(Dataset records)

---

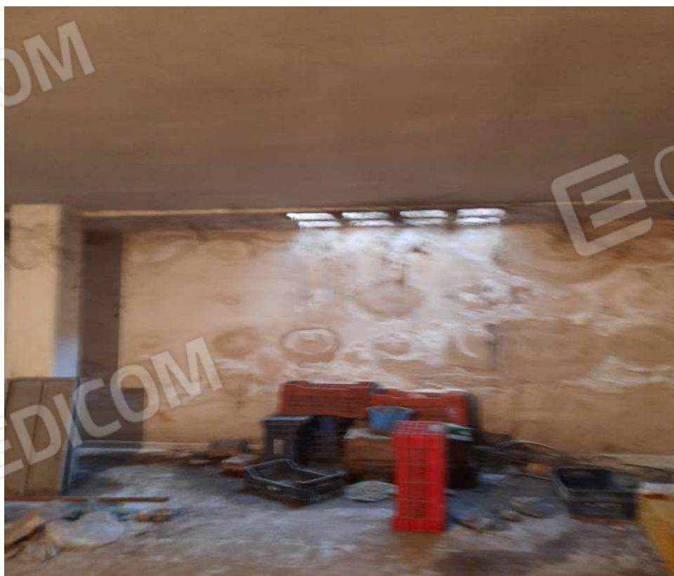
Foto n. 24 vista interna P.S.1
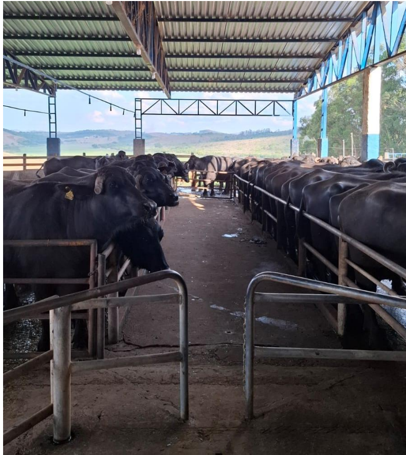
Figura 3: Sala de espera coberta da ordenha.
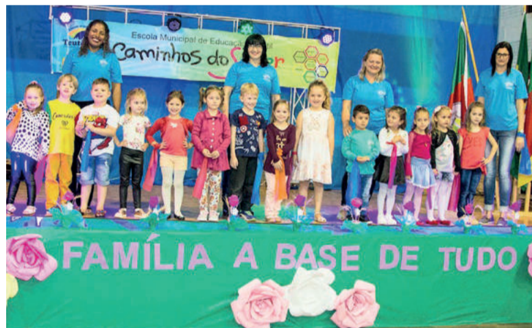
Alunos fizeram apresentações especiais
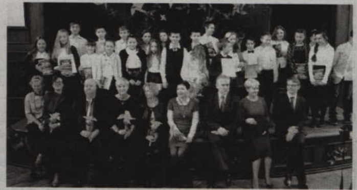
Uczestnicy tegoroczego święta na wspólnej fotografii.

Rada Rodziców ufundowała również nagrody dla klas biorą-

---

- **WHAT TO WORK ON**
Every entry above should be returned exactly, with no images included.

- **RESULT OF THE EXERCISE**
Foto n. 24 vista interna P.S.1
Figura 3: Sala de espera coberta da ordenha.
Alunos fizeram apresentações especiais
Uczestnicy tegoroczego święta na wspólnej fotografii.

Rada Rodziców ufundowała również nagrody dla klas biorą-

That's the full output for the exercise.